SUPPLIED DATA START

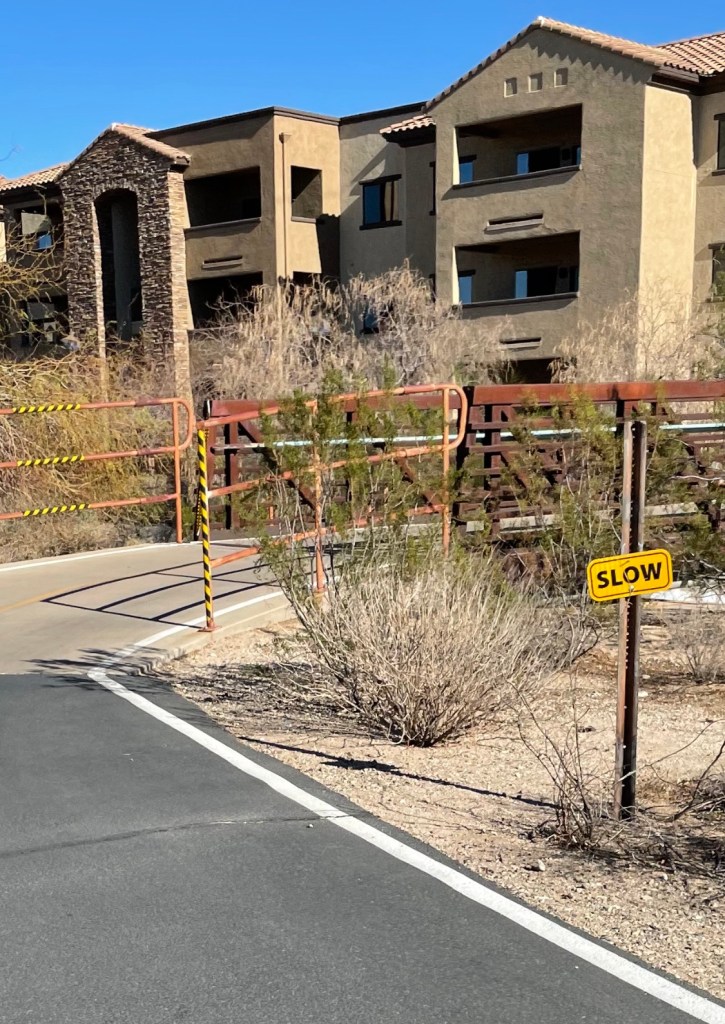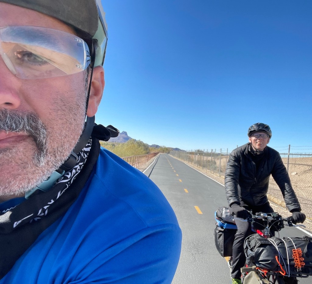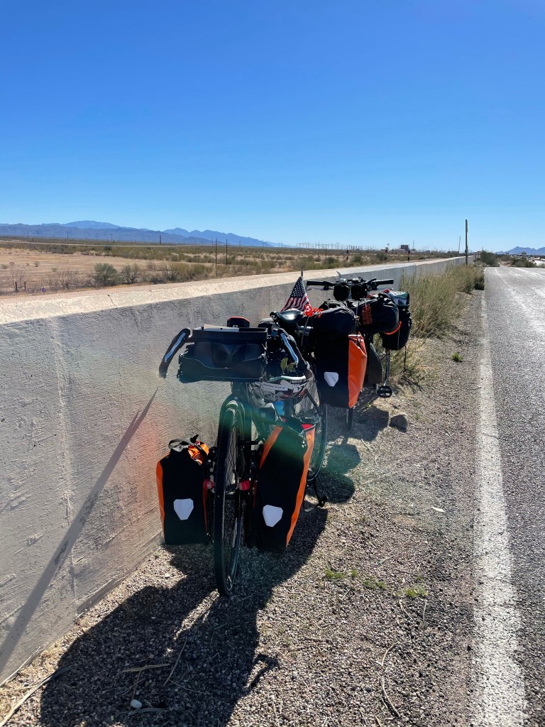 Thirty miles down the Camino Adelante. Aside from a few bumpy patches, El Camino was fantastic, even by non Arizona road standards. It runs parallel to I-10, so Damon and I roll together and maybe 20 vehicles pass from behind for the hours we’re on it. We chat about universal basic income and corporate tax rates, because. We take another guardrail rest stop. The desert sun and dust has weathered my face and lips sumfin fierce. Dry and cracked and dehydrated – I feel like Tyrone Biggums got lost in Yemen or something – and we’re still another 15 miles from anything at all. Despite the lack of shelter from the sun, it’s a good time and space for a break.
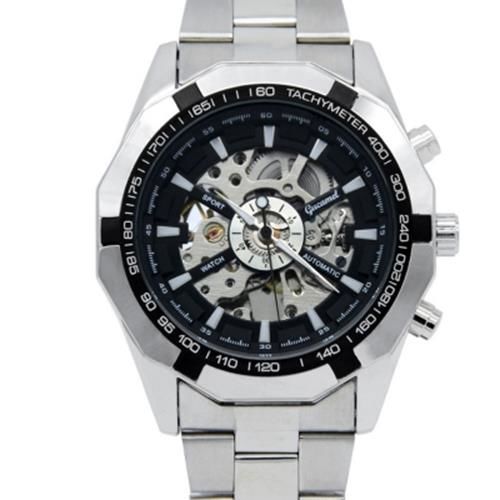 GUCAMEL G043 MEN AUTO MECHANICAL WATCH STAINLESS STEEL BAND HOLLOW DIAL LUMINOUS WRISTWATC
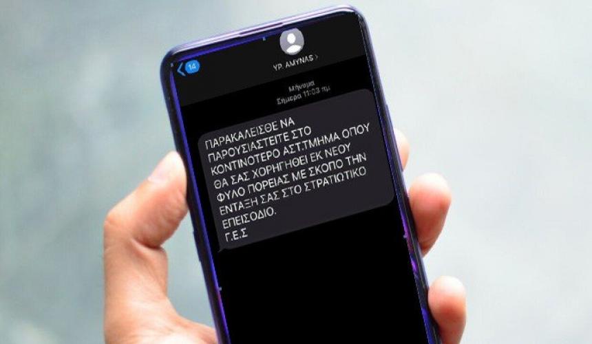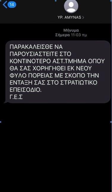 Το μήνυμα όπως βλέπετε και στη φωτογραφία, φαίνεται ότι έχει σταλεί υποτίθεται από το Υπουργείο Άμυνας και καλεί τους πολίτες να παρουσιαστούν στο κοντινότερο Αστυνομικό Τμήμα για δήθεν χορήγηση Φύλλου Πορείας από το Στρατό.
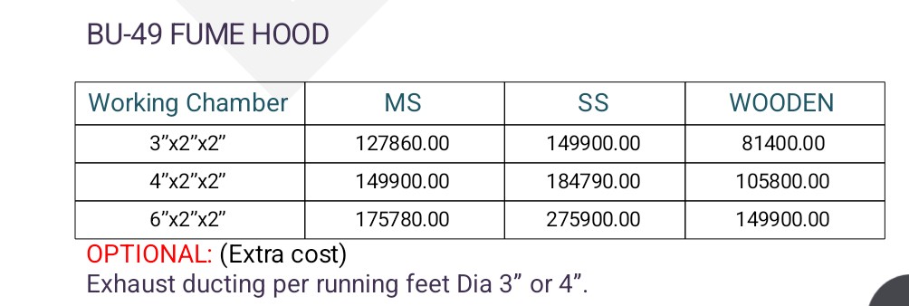 Fume exhaust hood are designed to contain and throw out toxic, obnoxious, pungent smelling gases to protect personnel and equipment in the laboratories. A motor driven dynamically balanced blower with minimum vibration and noise level, creates negative pressure and sucks contaminated air from work area and throws the same in high-up atmosphere through ducting. Fabricated out of thick ply-board clad from outside in laminated sheet and inside finished in non-corrosive, chemical resistant EPOXY paint. An up-down sliding sash made of teak wood mounted in thick glass is provided. Fluorescent lighting provided in the chamber. A gas tap and a power plug is also provided. Stainless steel wash basin and suitable water tap is also provided to hood at a suitable level from ground.
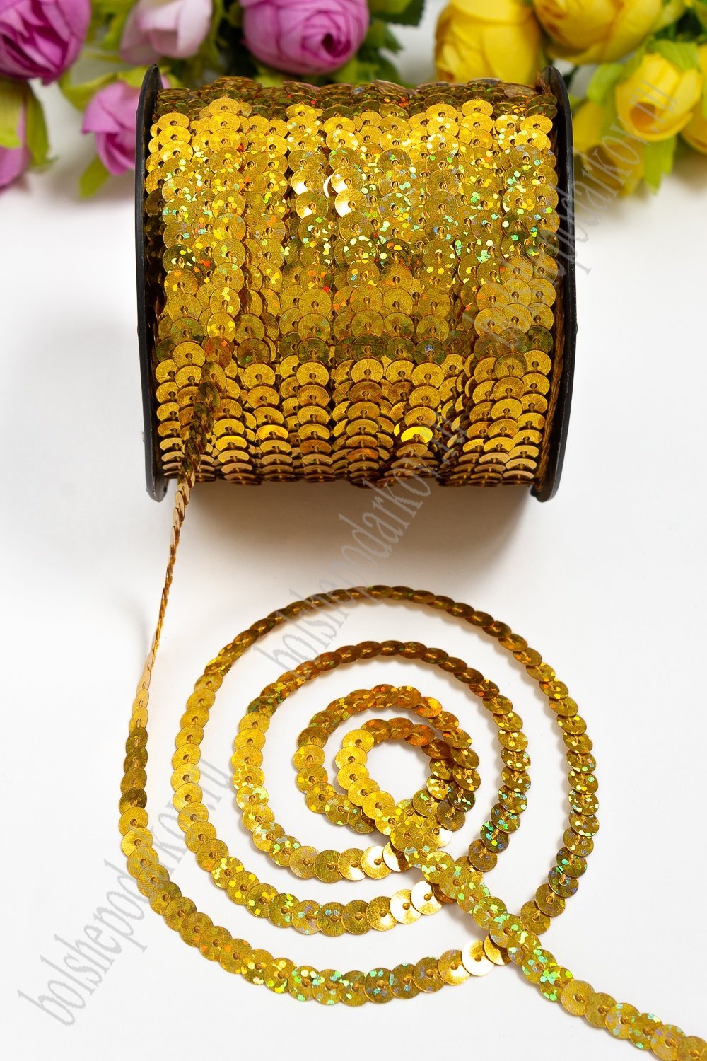 Пайетки 6 мм на нитке (голографические) SF-3068, золото №А20
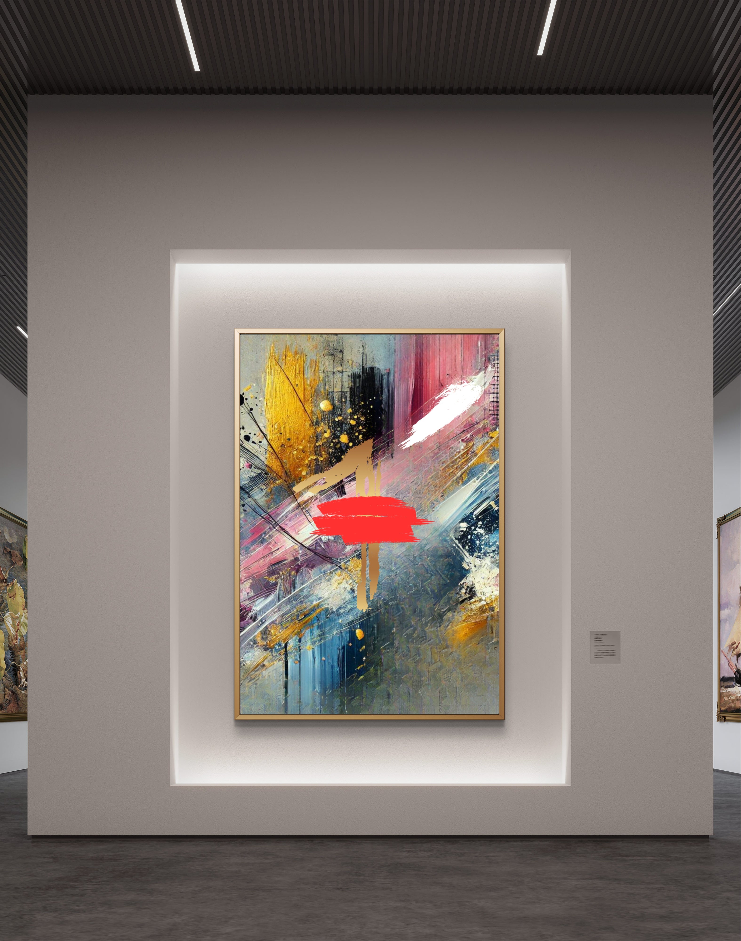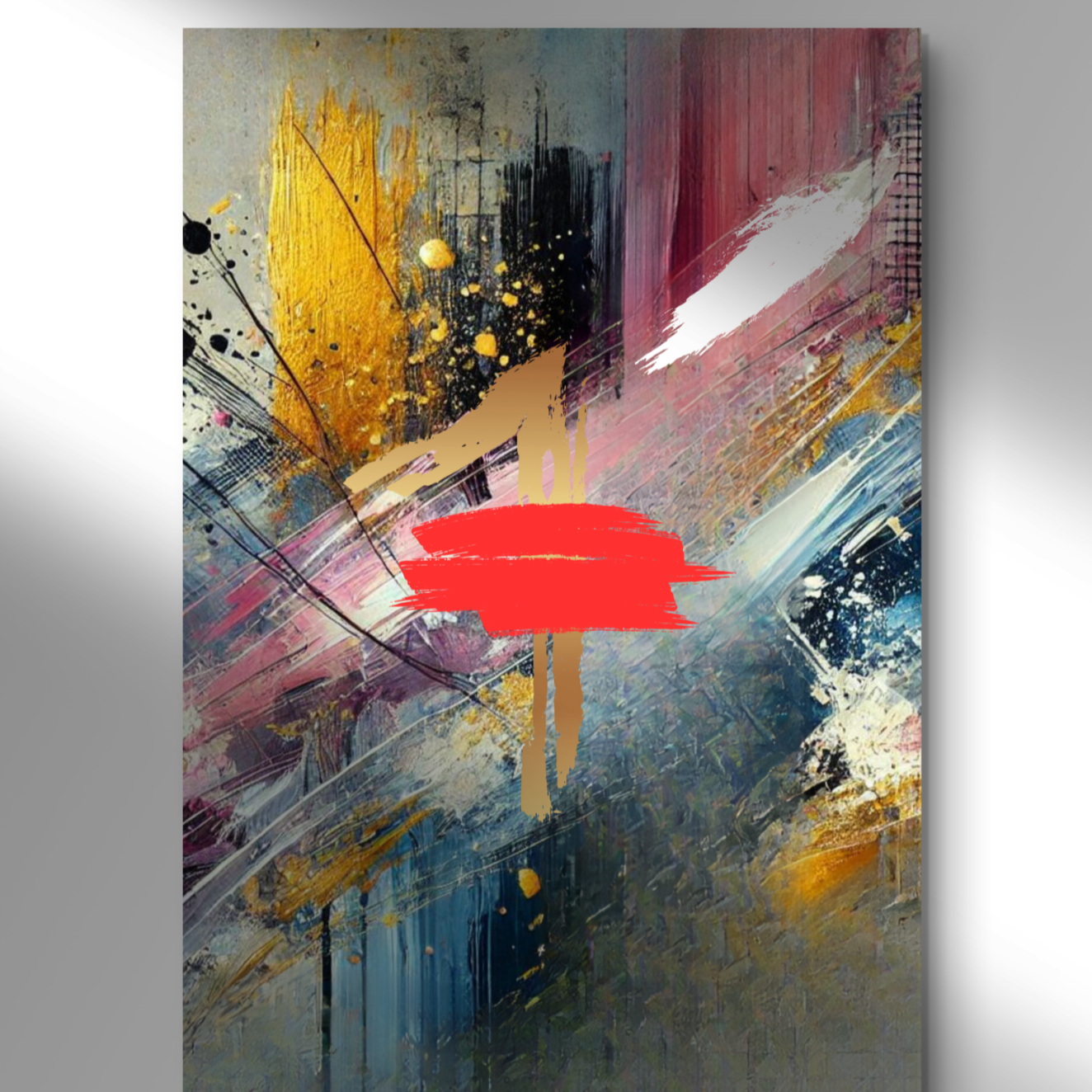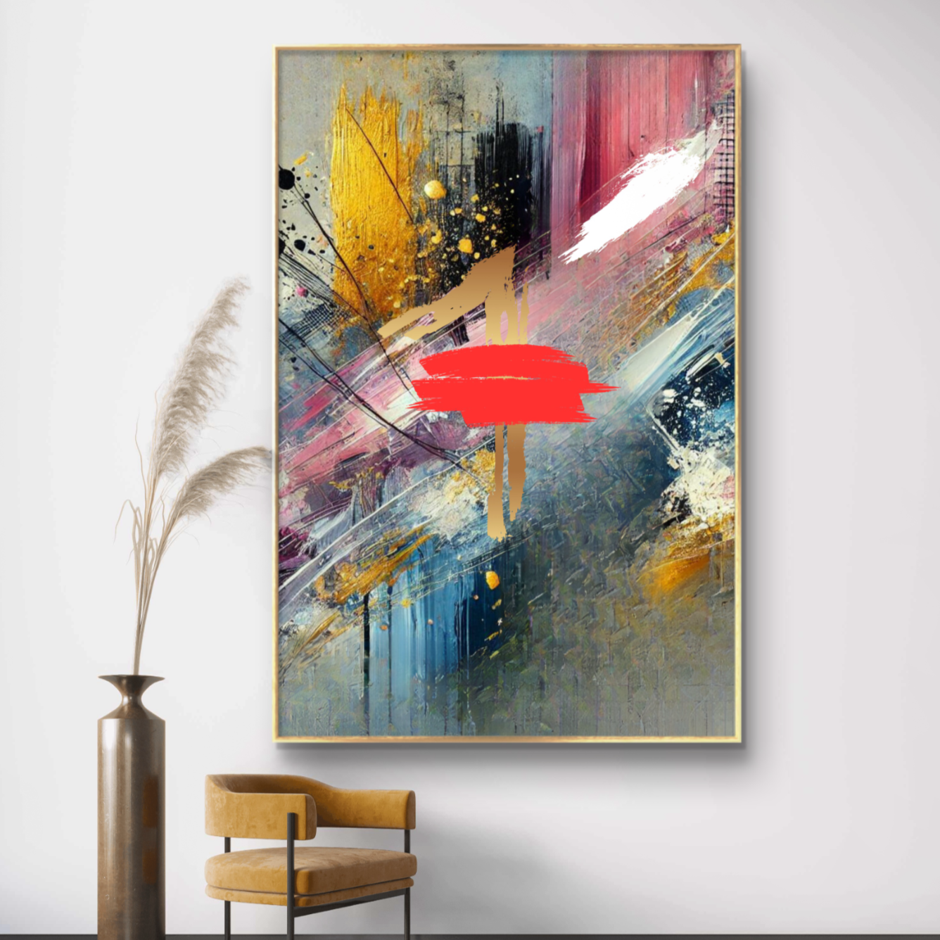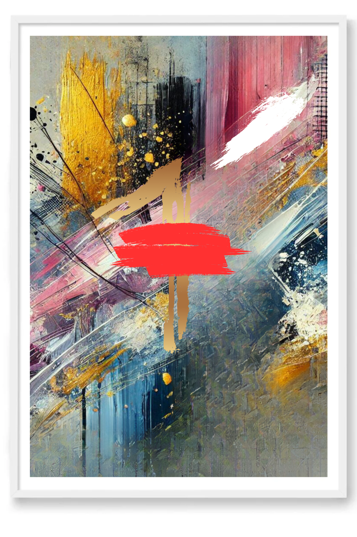 Infuse your space with a powerful symbol of divine protection and spiritual depth with The Blood abstract wall art print. This striking canvas captures a dynamic explosion of colors—black, white, pink, and gold—intertwining and diverging in an intricate dance, with a bold splash of red at its heart.
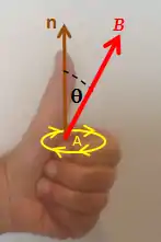 • Stretch your thumb. The stretched thumb indicates the direction of n (brown), the normal to the area enclosed by the loop.
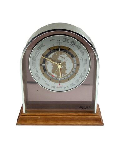Direct from the set of the hit television series The Big Bang Theory TV Series (2007 - Current) is this production used very unique metal with wood base world clock. This was used to decorate the set of the show and measures approximately 10" x 9".

SUPPLIED DATA END

EXERCISE REQUIREMENTS >> An exact transcription is needed of the lines from the one with "Пайетки 6 мм" to the one with "Infuse your space" above, both ends included, with pictures left out.

RESULT OF THE EXERCISE >>
 Пайетки 6 мм на нитке (голографические) SF-3068, золото №А20
 Infuse your space with a powerful symbol of divine protection and spiritual depth with The Blood abstract wall art print. This striking canvas captures a dynamic explosion of colors—black, white, pink, and gold—intertwining and diverging in an intricate dance, with a bold splash of red at its heart.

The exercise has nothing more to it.